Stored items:
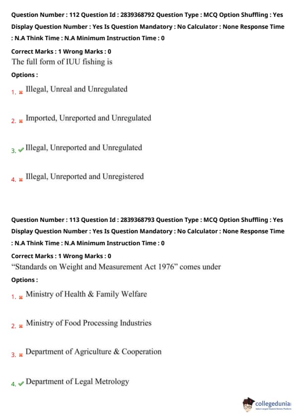 Step 2: The acronym stands for Illegal, Unreported and Unregulated fishing, and it includes activities that violate conservation or management measures. Quick Tip: IUU fishing = Illegal, Unreported, Unregulated — key focus area in marine conservation.
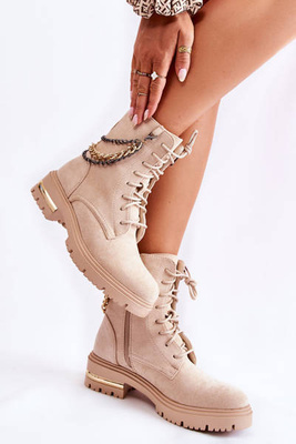 Zamszowe Ocieplane Botki Z Łańcuchem Beżowe Sorita
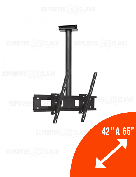 Soportes a techo telescopico con inclinación al toque para pantalla de 42″ hasta 65″ con inclinación de 28° al toque, tildeo 10″ kits de instalación.
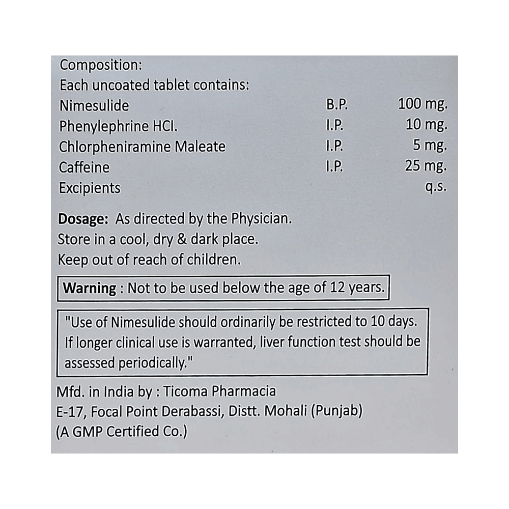 Salt Composition: Phenylephrine (10mg) + Nimesulide (10mg) + Chlorpheniramine Maleate (5mg) + Caffeine (25mg)
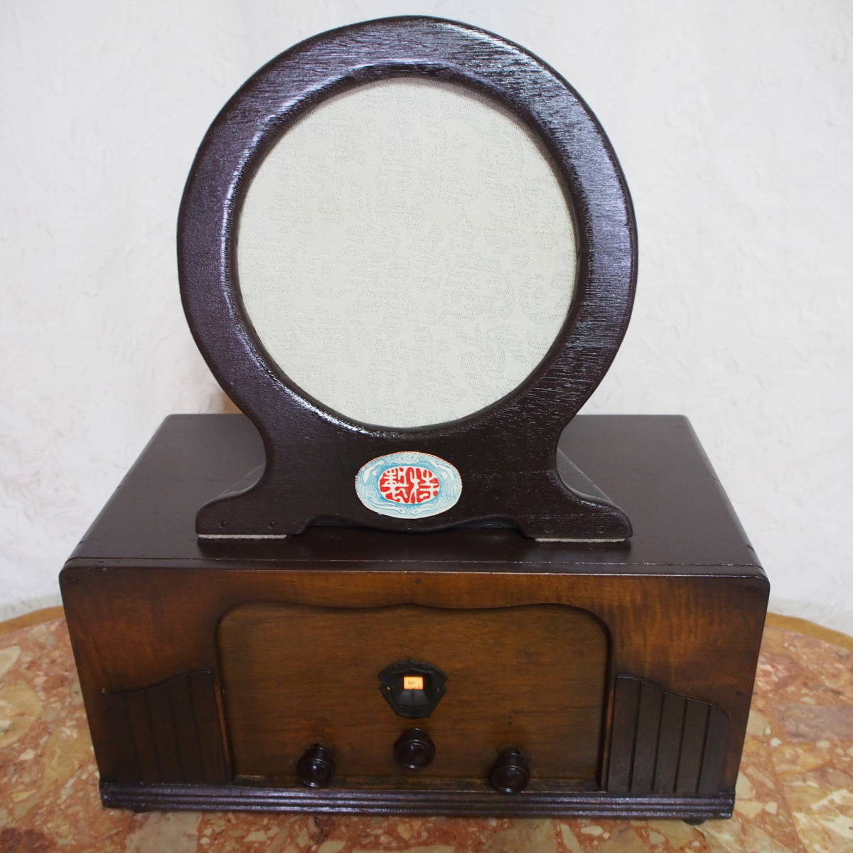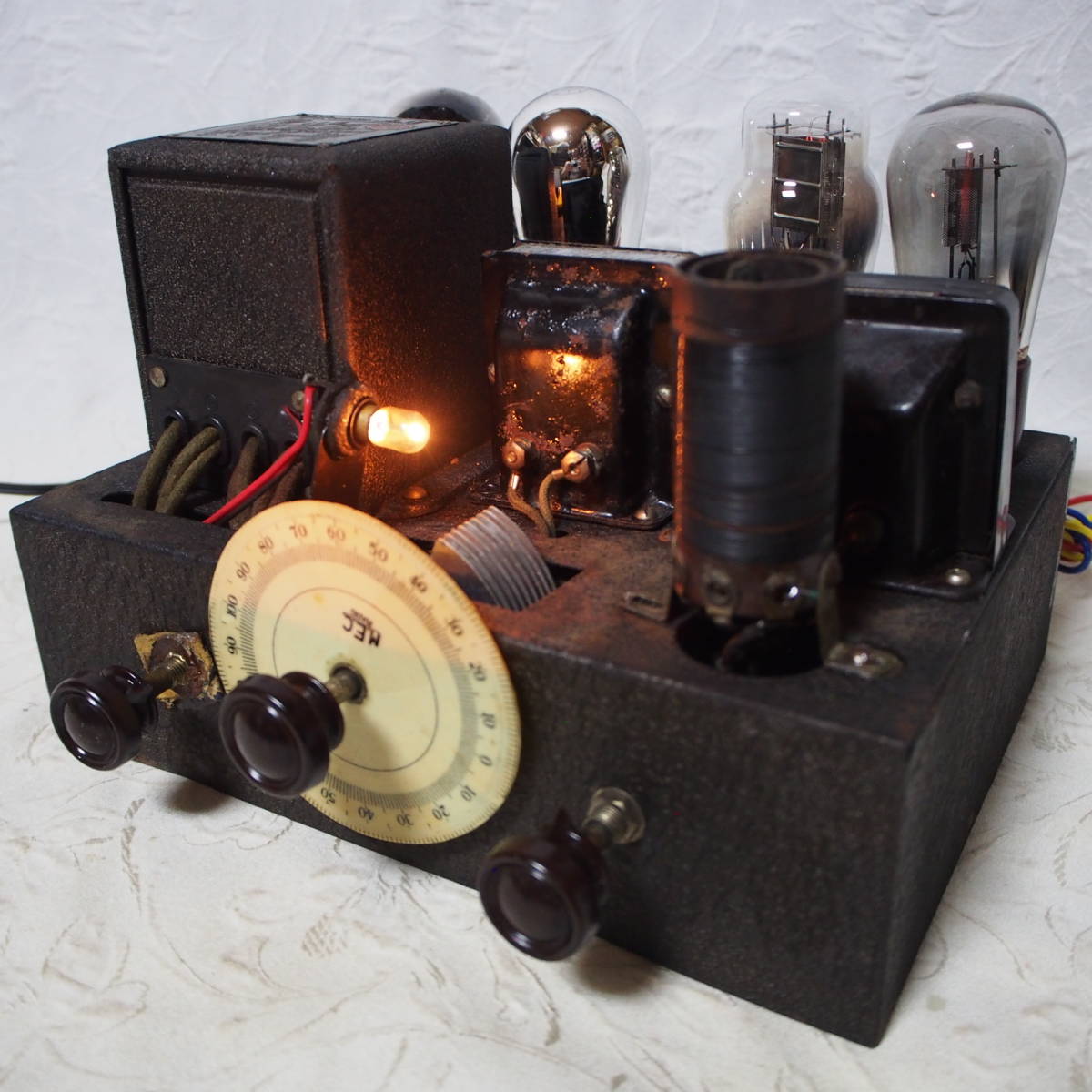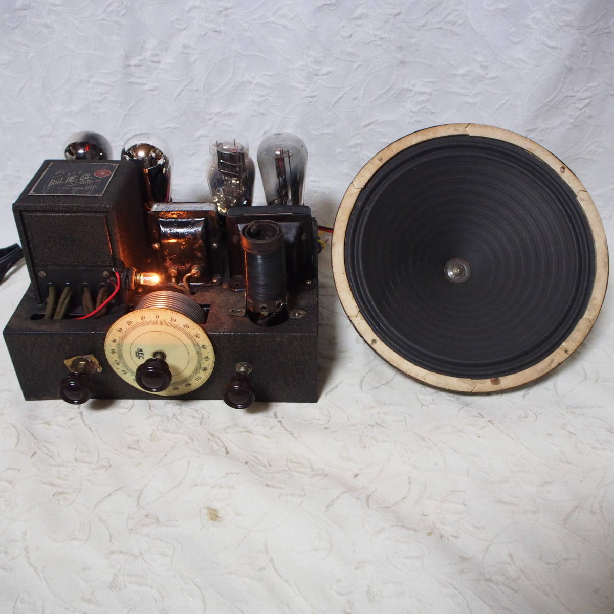 電気文化物 復元・整備済み完動品 !! メーカー不明 スピーカー外装自作 ナス型 & 大型ST真空管 使用 ビンテージ ラジオ
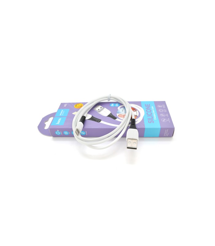 Кабель Hoco X82 из силикона для iPhone с разъемом USB, цвет белый, длина 1 метр, поставляется в коробке.
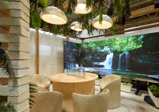 To encourage human interaction and reflect the spirit of the city, tiered seating—inspired by the topography of Mount Royal—beckons visitors to scale the “mountain” for a moment of reprieve, to meet a friend or work colleague, and to experience the space from an elevated vantage point. To transport visitors to “not just another lobby,” Gensler collaborated with Moment Factory to layer into the design a series of multimedia features including a large LED digital wall, spatialized soundscapes and bubbleclustered chandeliers, that inspire feelings of wellness and wonder.
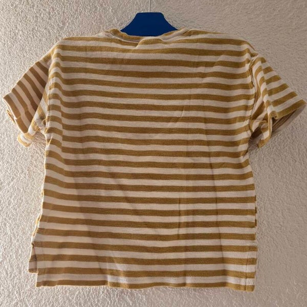 Trendiges und bequemes Zara T-Shirt für kinder in einem stilvollen Streifmuster in Gold/Senfgeld und Weiss. Das Shirt ist in Grösse 98 und verfügt über eine aufgesetzte Brusttasche, die dem Design einen lässigen Touch verleiht. Hergestellt aus einem angenehmen Material, ist es ideal für den Frühling und Sommer und bietet Ihrem Kind optimalen Tragekomfort.
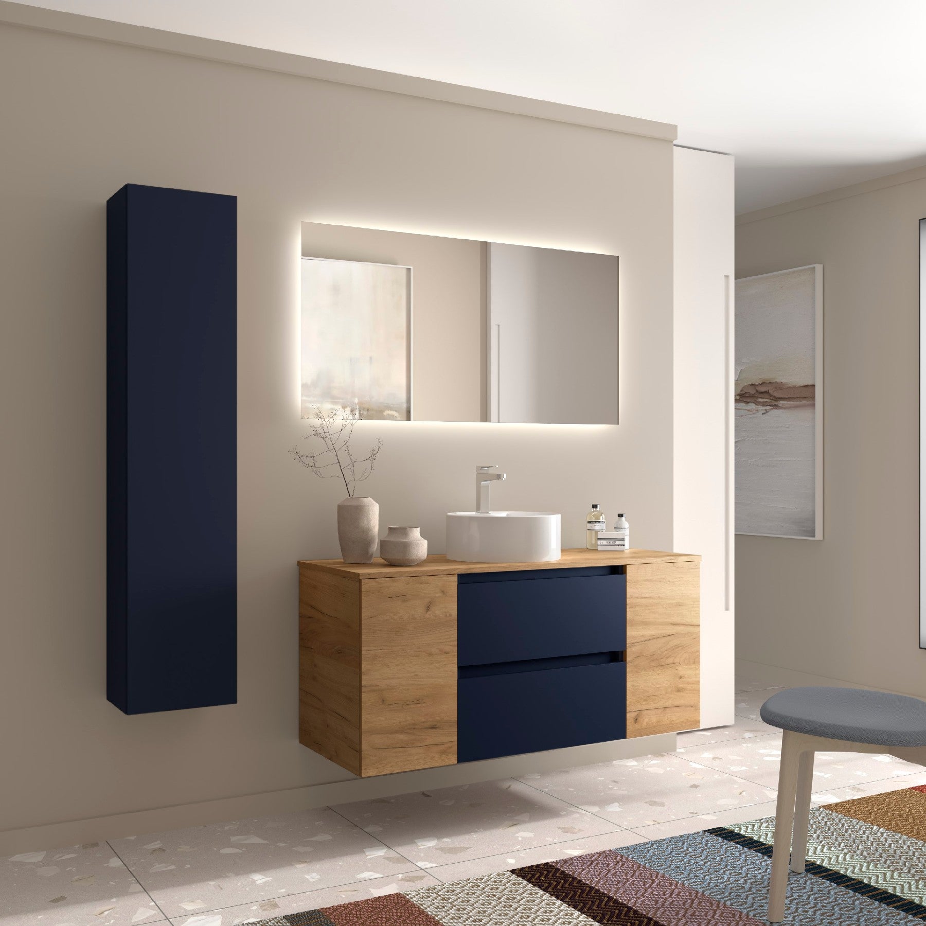 Renueva tu baño con el conjunto BEQUIA de 120 cm de Salgar, una combinación perfecta de estilo contemporáneo, practicidad y diseño atemporal. Este conjunto incluye mueble suspendido de 2 cajones, 2 coquetas con puerta reversible y lavabo de posar LISBOA, creando un espacio elegante, ordenado y funcional.
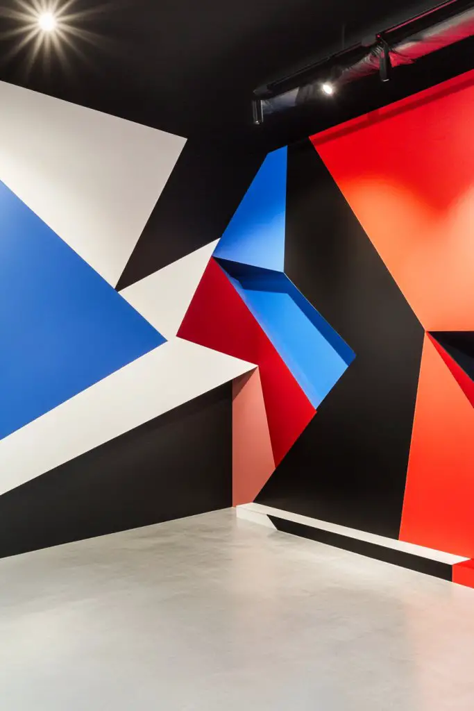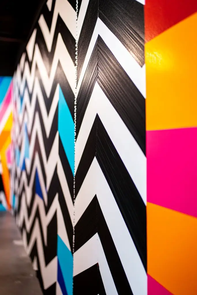 Imagine crisp, clean lines forming triangles, squares, or abstract shapes painted in contrasting colors like black and white or navy and gold. The sharp edges create a sense of movement and energy, giving the room a contemporary feel. You might see a wall with a jagged pattern that looks almost like a piece of modern art. The textures are flat but visually striking, catching the light differently depending on the angle.
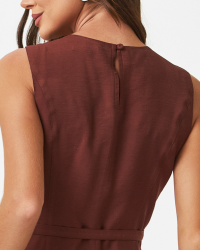 Alfaiataria que equilibra leveza e presença em uma construção pensada para valorizar o corpo sem rigidez. O conjunto em viscose com linho entrega frescor, caimento fluido e textura naturalmente sofisticada. A blusa sem mangas ganha recortes estratégicos e transpasse frontal que alonga a silhueta, além do botão dourado aplicado no ombro, que adiciona ponto de luz ao look. O fechamento nas costas por botão mantém a frente limpa e refinada. O cinto fino marca a cintura com delicadeza, enquanto a calça de modelagem reta acompanha com caimento solto, criando uma linha contínua elegante.
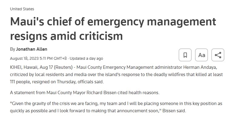 路透社8月18日報道,毛伊縣緊急事務(wù)管理機構(gòu)負(fù)責(zé)人赫爾曼·安達(dá)亞在當(dāng)?shù)鼐用窈兔襟w的一片“救災(zāi)不利”的譴責(zé)聲中辭職。截至17日,致命山火已經(jīng)造成至少111人死亡。一些毛伊島居民認(rèn)為,如果能更早拉響警報,會挽救更多生命。
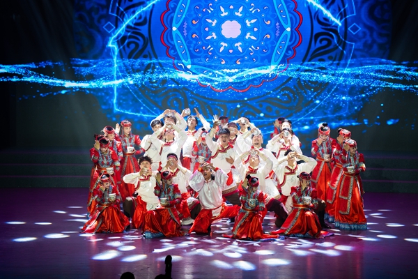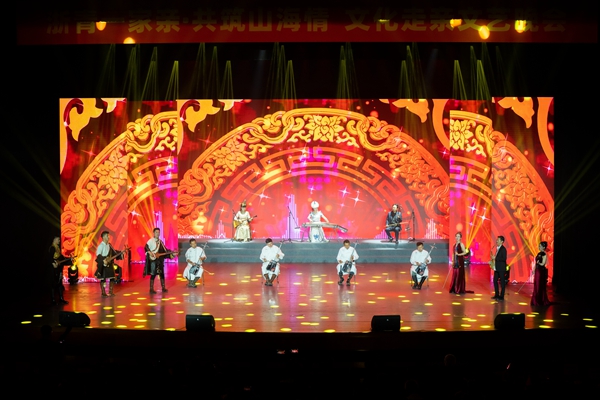 女聲獨唱《青藏高原》中的女高音清亮動人,讓觀眾如身臨其境,感受到海西州震撼人心的高原風光。器樂聯奏《愛在海西》將中西樂器合璧,描繪出海西文化的絢爛璀璨,深情的旋律中盡是海西人民對家鄉與祖國的熱愛。群舞《那達慕盛會》《弦音鼓舞》融入蒙古族獨有民俗元素的舞蹈設計,展現了少數民族善騎善射、能歌善舞的品質。在歌舞《馬背上的民族》中,熱情的高原兒女走下舞臺,將潔白的哈達和一碗碗酥油茶獻給在場嘉賓,將現場氣氛推向高潮。
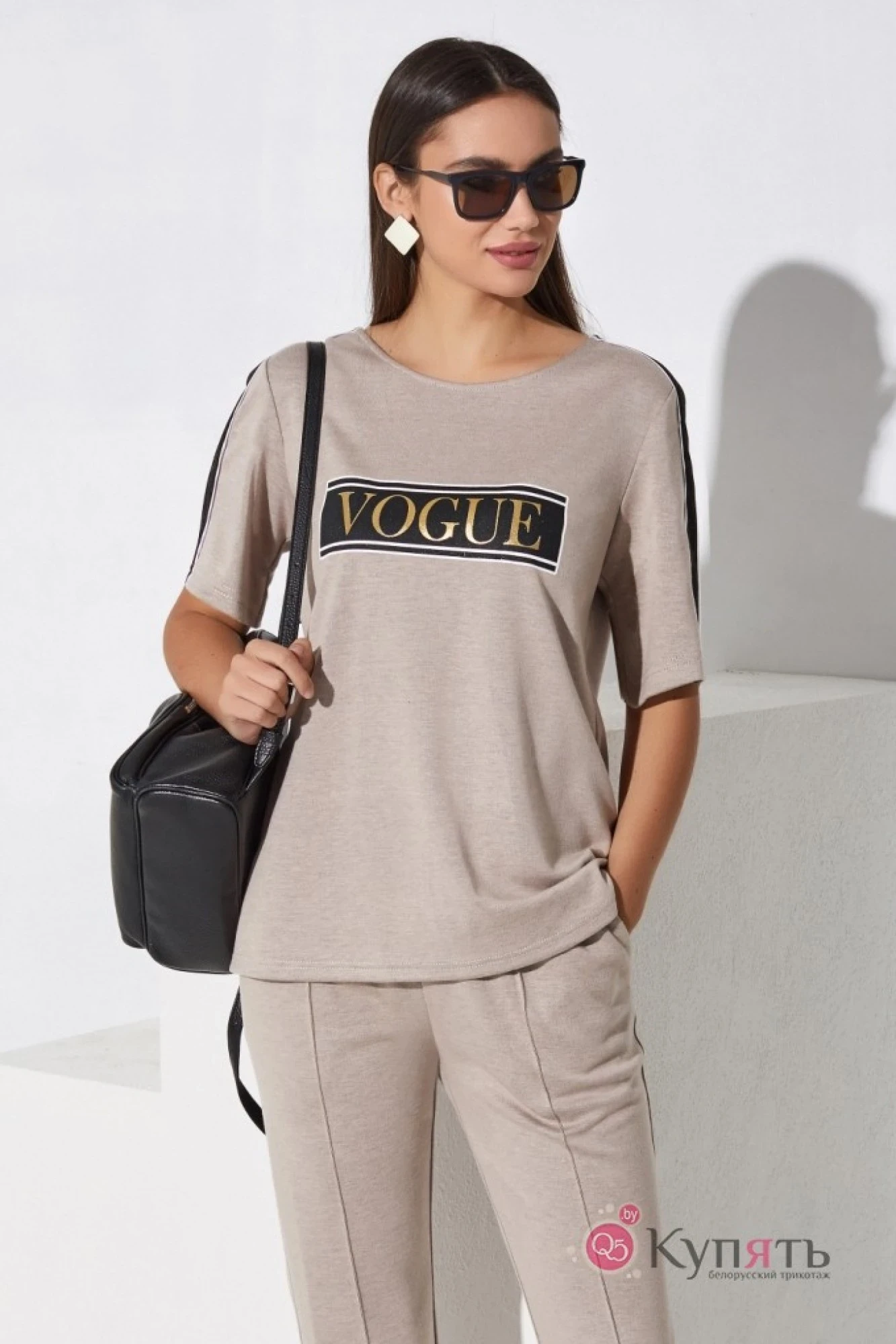 Трендовы костюм из тонкого трикотажа выполнен в стиле «Sport Chic» и «Street Casual». Свитшот с округлым вырезом прямого силуэта свободного кроя с короткими рукавами один из главных трендов сезона. Перед свитшота украшен авторской печатью. Линия плеча немного приспущена, от горловины вдоль плечевого шва и до низа рукака вставка из контрастного однотона с узкой белой отделкой. Спинка цельная. Трикотажные брюки средней посадки с косыми карманами, пояс выполнен из трикотажной рельефной резинки.
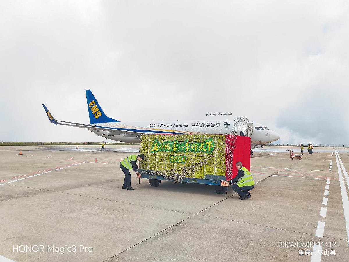 当日23时10分,装载着10710公斤巫山脆李的中国邮航CF9131航班从巫山机场起飞,75分钟后飞抵南京禄口国际机场,这标志着中国邮政2024年巫山脆李专线航班开通运行。2024年“邮运通”极速鲜邮航专机首飞,标志着重庆“邮运通”助力乡村振兴行动计划正式启动,让远在千里之外的消费者实现“今天下单,明天见李”。

EXERCISE OBJECTIVE:
The answer must be the lines above from the one containing "Salt Composition: Phenylephrine" through the one containing "To encourage human", reproduced exactly, with no pictures and nothing else.

ANSWER FOR THE TASK:
 Salt Composition: Phenylephrine (10mg) + Nimesulide (10mg) + Chlorpheniramine Maleate (5mg) + Caffeine (25mg)
 電気文化物 復元・整備済み完動品 !! メーカー不明 スピーカー外装自作 ナス型 & 大型ST真空管 使用 ビンテージ ラジオ
 Кабель Hoco X82 из силикона для iPhone с разъемом USB, цвет белый, длина 1 метр, поставляется в коробке.
 To encourage human interaction and reflect the spirit of the city, tiered seating—inspired by the topography of Mount Royal—beckons visitors to scale the “mountain” for a moment of reprieve, to meet a friend or work colleague, and to experience the space from an elevated vantage point. To transport visitors to “not just another lobby,” Gensler collaborated with Moment Factory to layer into the design a series of multimedia features including a large LED digital wall, spatialized soundscapes and bubbleclustered chandeliers, that inspire feelings of wellness and wonder.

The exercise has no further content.